- Title: Mexican scientists develop unique 'nanobubble' system to improve water quality
- Date: 24th August 2021
- Summary: MEXICO CITY, MEXICO (AUGUST 20, 2021) (REUTERS) CINVESTAV RESEARCHERS PLACING SOLAR PANELS ON TRAJINERA'S ROOF VARIOUS OF RESEARCHERS INSTALLING EQUIPMENT TO CLEAN WATER ON TRAJINERA BOAT BUBBLES IN WATER VARIOUS OF TRAJINERA BOAT WITH WATER CLEANING EQUIPMENT ON XOCHIMILCO CANAL CLOSE OF SOLAR PANEL TRAJINERA BOAT ARRIVING TO THE DOCK
- Embargoed: 7th September 2021 14:43
- Keywords: CINVESTAV Xochimilco trajinera water pollution
- Location: MEXICO CITY, MEXICO
- City: MEXICO CITY, MEXICO
- Country: Mexico
- Topics: Pollution,Environment,South America / Central America
- Reuters ID: LVA003ERN2JWN
- Aspect Ratio: 16:9
- Story Text: Mexican scientists have developed a unique "nanobubble" system using solar energy to improve the water quality in the capital's Xochimilco ecological zone, a popular tourist attraction.

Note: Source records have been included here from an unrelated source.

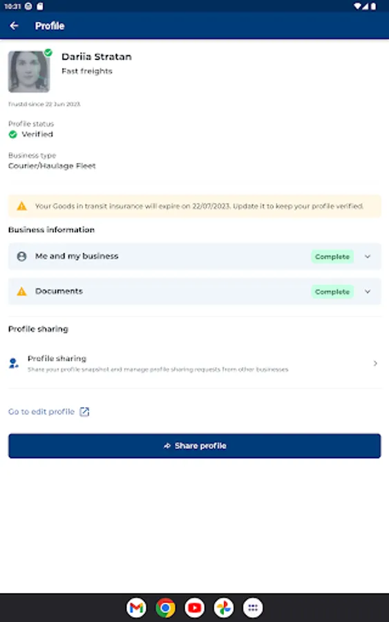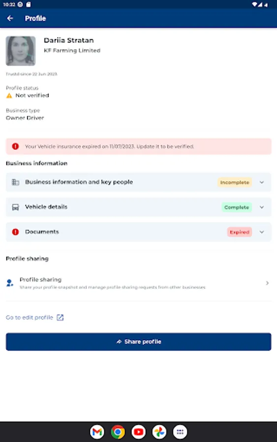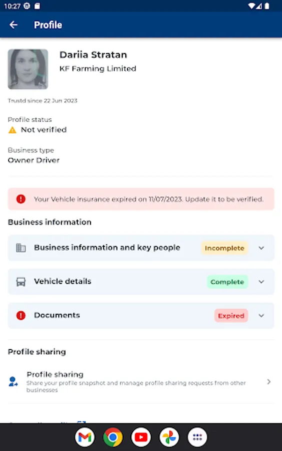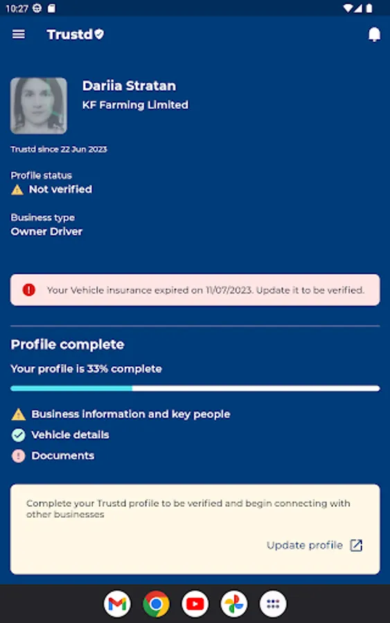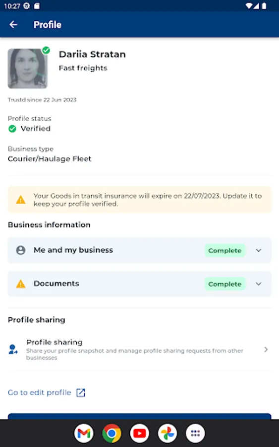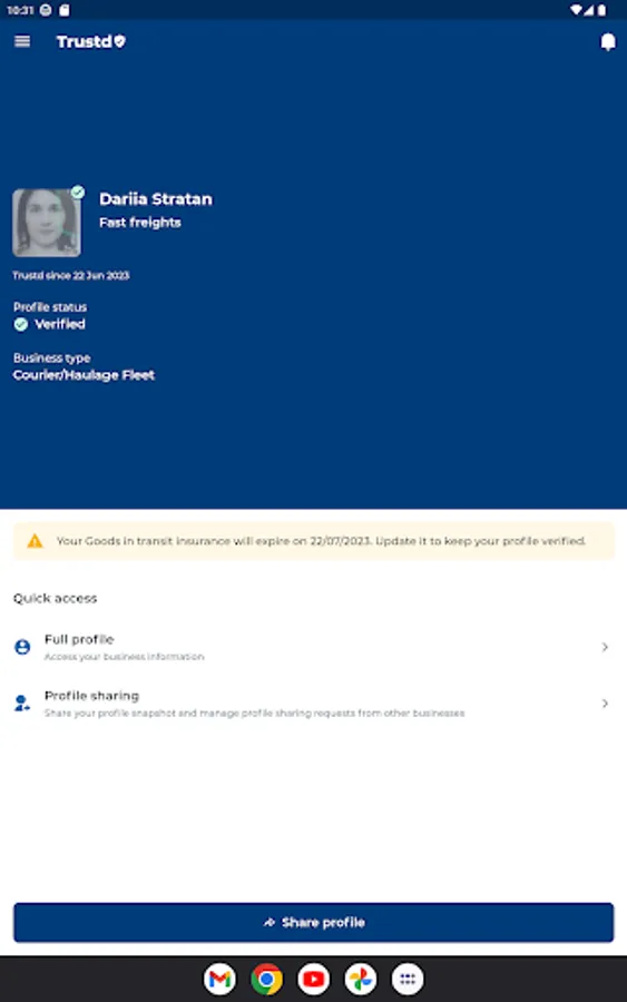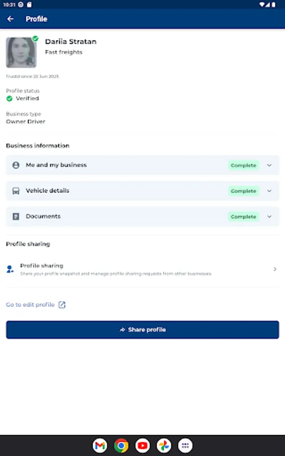 Trustd is revolutionising transport & logistics by giving control back to the carriers. Take control of your business and your data with Trustd – your digital business identity and professional passport. Create your Trustd profile and become ‘Verified by Trustd’ - showcase your credentials and elevate your business above the competition.
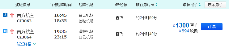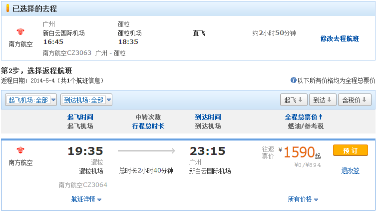 先上去哪儿网搜索广州—暹粒,挑一个发现旅行含五一小长假的旅行时段,4月29号去,5月4号回,去哪儿往返最低票价:往返含税1300+894=2194元/人。
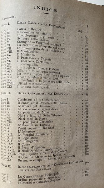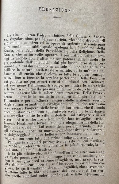 La vita del gran Padre e Dottore della Chiesa S. Agostino, singolarissima per le sue varietà, vicende e straordinarii eroismi in ogni virtù ed in opere di sapienza; si rende pure oltre modo ammirabile quale apologia la più sublime, della Grazia, della Fede, della Provvidenza e della Religione.
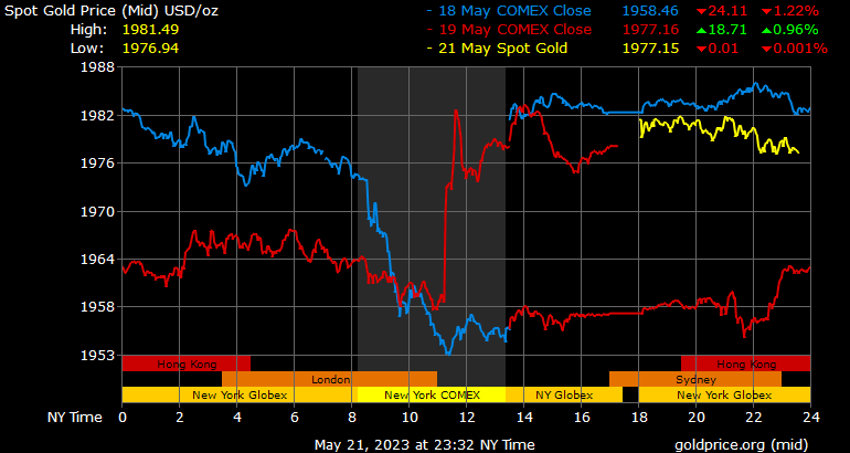Giá vàng tương lai giao tháng 6/2023 trên sàn Comex New York tăng 21,8 USD, tương ứng tăng 1,11% lên 1.981,6 USD/ounce.
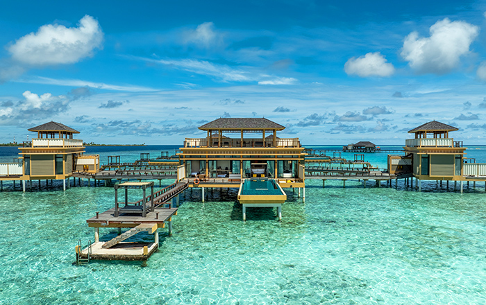 まだまだ手つかずのダール環礁にある広大なプライベートラグーンが広がるリゾートです。このリゾートの特徴は遠浅の広大なラグーンがあり景色が非常に美しいことです。反面、ハウスリーフでの魚影はあまり濃くはありません。最大のポイントは、本島と船で行き来する「インオーシャンヴィラ」という水上ヴィラでプライベート感が抜群!水上ヴィラ以外の本島のお部屋に宿泊の方は「インオーシャンヴィラ」の方には行くことも出来ない徹底ぶり。本当の意味での ”海に浮かぶ部屋(水上ヴィラ)” が楽しめるのが魅力的です。
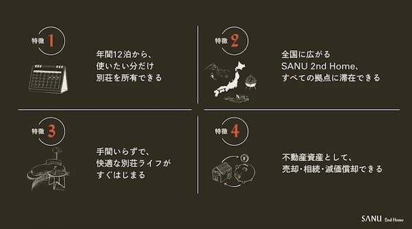 また、「SANU 2nd Home Co-Owners」とは、「資産としての別荘」ではなく、「暮らしの拠点」として自然の中に家を持つ、新しい所有の形を提案するプロジェクト。必要な分だけ購入し、全国の拠点を相互に使える、共同オーナー型のセカンドホームサービスだ。
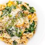 Toss in roasted butternut squash, cooked pasta, Parmigiano-Reggiano and minced parsley. Check for seasoning and adjust accordingly.

A team of researchers from the Center for Research and Advanced Studies (Cinvestav) developed a method that converts solar energy into photovoltaic energy, activating a pump that sends "nanobubbles" into the water.
The bubbles help oxygenate the water, eliminating harmful pollutants and reducing greenhouse gas emissions, which leads to healthier plantlife like flora and fauna, according to Refugio Rodriguez Vazquez, a Cinvestav researcher.
Officials in Mexico City have been focused on cleaning up the polluted waters of of Xochimilco, a UNESCO World Heritage Site and one of the city's few remaining canals that date back to Aztec times.
The area is known for "chinampas," floating beds of farm produce cultivated by the Aztecs in the 14th century to feed the pre-Hispanic city.
The nanobubble system enables local farmers "to be able to work on their chinampas and make them productive by having a cleaner environment and conditions," Rodriguez Vazquez said.
The Cinvestav team said the nanonbubble system was also being applied in two water treatment plants. It could also potentially be replicated in other waterways in Mexico City, where water quality is considered poor and supplies are often at the mercy of routine droughts.
The solar panels that are powering the nanobubble technology sit atop the famous "trajineras" of Xochimilco, barge-like boats that shuttle tourists through the canals. They also provide onboard electricity.